SuaraJogja.id - Jaringan organisasi disabilitas di Yogyakarta dengan tegas menolak pengesahan Rancangan Peraturan Daerah (Raperda) Pendidikan Khusus oleh DPRD DIY. Pasalnya Raperda tersebut dinilai tidak mencerminkan komitmen pemenuhan hak-hak penyandang disabilitas di DIY.
Ketua Komite Disabilitas DIY Farid B Siswantoro menuturkan Raperda yang rencananya akan disahkan pada 24 September 2021 tersebut tidak mencerminkan komitmen yang tegas. Khususnya dalam pemenuhan hak pendidikan sebagaimana tertuang dalam Undang-Undang Disabilitas Nomor 8 tahun 2016
"Terdapat sejumlah catatan muncul terkait dengan adanya ketidakharmonisan baik dalam proses penyusunan maupun substansi dalam draft ranperda tersebut," kata Farid saat menggelar konferensi pers di Kantor Komite Disabilitas DIY, Selasa (21/9/2021).
Dijelaskan Farid, saat ini Pemda dan DPRD DIY tengah berproses untuk mengamandmen Perda nomor 4 tahun 2012 yang dianggap tidak lagi sesuai dengan kebijakan nasional tentang pemenuhan hak difabel.
Baca Juga:Gubernur DIY Minta Penerapan Kebijakan Anak di Bawah 12 Tahun ke Mall Harus Hati-hati
Upaya ini sebenarnya patut diapresiasi sebab dari sana terdapat kesempatan partisipasi bagi organisasi penyandang disabilitas.
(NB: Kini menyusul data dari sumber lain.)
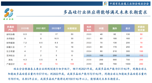 2021年,乃至2022年,多晶硅的供給將呈現(xiàn)緊平衡狀態(tài)。日前,通威股份董事長(zhǎng)謝毅在5月7日股東大會(huì)上表示,由于前幾年硅料項(xiàng)目投資回報(bào)不大、行業(yè)擴(kuò)產(chǎn)少,導(dǎo)致目前硅料供給不足;在未來(lái)18個(gè)月或更長(zhǎng)時(shí)間里,硅料供給或?qū)⒊掷m(xù)緊張,價(jià)格可能會(huì)持續(xù)向好。通威作為多晶硅行業(yè)的龍頭企業(yè),對(duì)市場(chǎng)的認(rèn)知和預(yù)判無(wú)疑更具有一定的說(shuō)服力。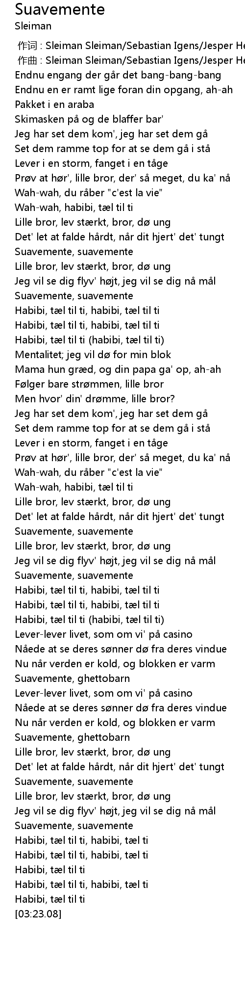 | [00:00.00] | 作词 : Sleiman Sleiman/Sebastian Igens/Jesper Helles/Esben Zefting |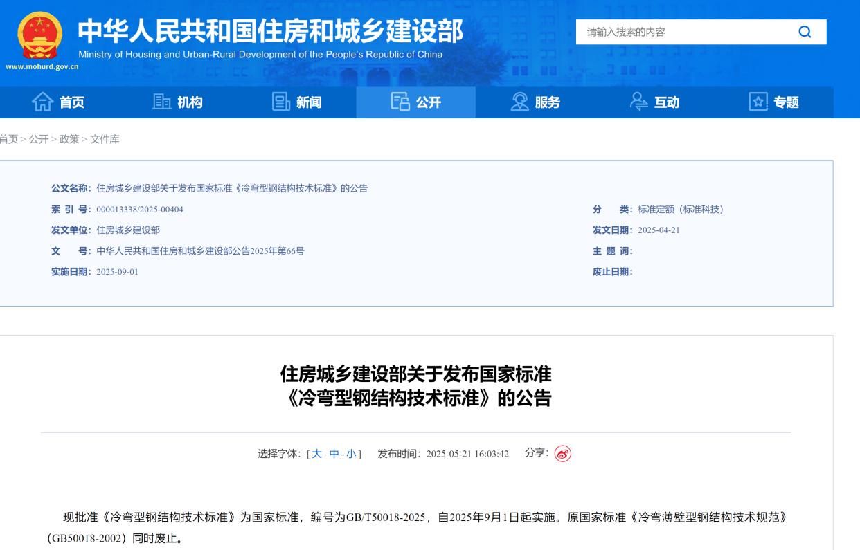 国家标准《冷弯型钢结构技术标准》GB/T50018-2025共包括12章、7个附录,对冷弯型钢结构的适用范围、术语、符号、基本设计规定、材料、构件计算、连接计算、抗震设计、压型钢板、檩条与墙梁、屋架、门式刚架、制作、安装和涂装等进行了系统规定。

Dalam hal ini untuk memberikan masukan yang mengedepankan pada prinsip hak asasi manusia.
Namun justru ketika proses revisi Perda tersebut belum sepenuhnya rampung. Seketika bergulir inisiatif dari Dewan untuk menyusun dan hendak mengesahkan Raperda Pendidikan Khusus.
Ia menilai bahwa Raperda Pendidikan Khusus itu juga tak jelas secara substansi serta yang tidak kalah penting minimnya partisipasi difabel sebagai pemangku hak.
"Terkait hal ini, patut kiranya kami mempertanyakan, siapa sebenarnya yang berkepentingan dengan PERDA ini, ketika partisipasi difabel bahkan sangat dibatasi," tegasnya.
Sejak tahun 2019, kata Farid, jaringan organisasi dan pegiat disabilitas telah berupaya untuk mengawal substansi serta norma hukum yang diatur di dalamnya. Namun hingga hari ini di dalam draft raperda tersebut tidak nampak perubahannya.
Baca Juga:Berbarengan dengan PTS, Sekolah di DIY Batal Gelar Pembelajaran Tatap Muka
Malah justu proses diskusi yang terus berjalan tidak dibarengi dengan pemberian ruang partisipasi difabel. Sebab terus dibatasi untuk dapat memberikan masukan yang konstruktif.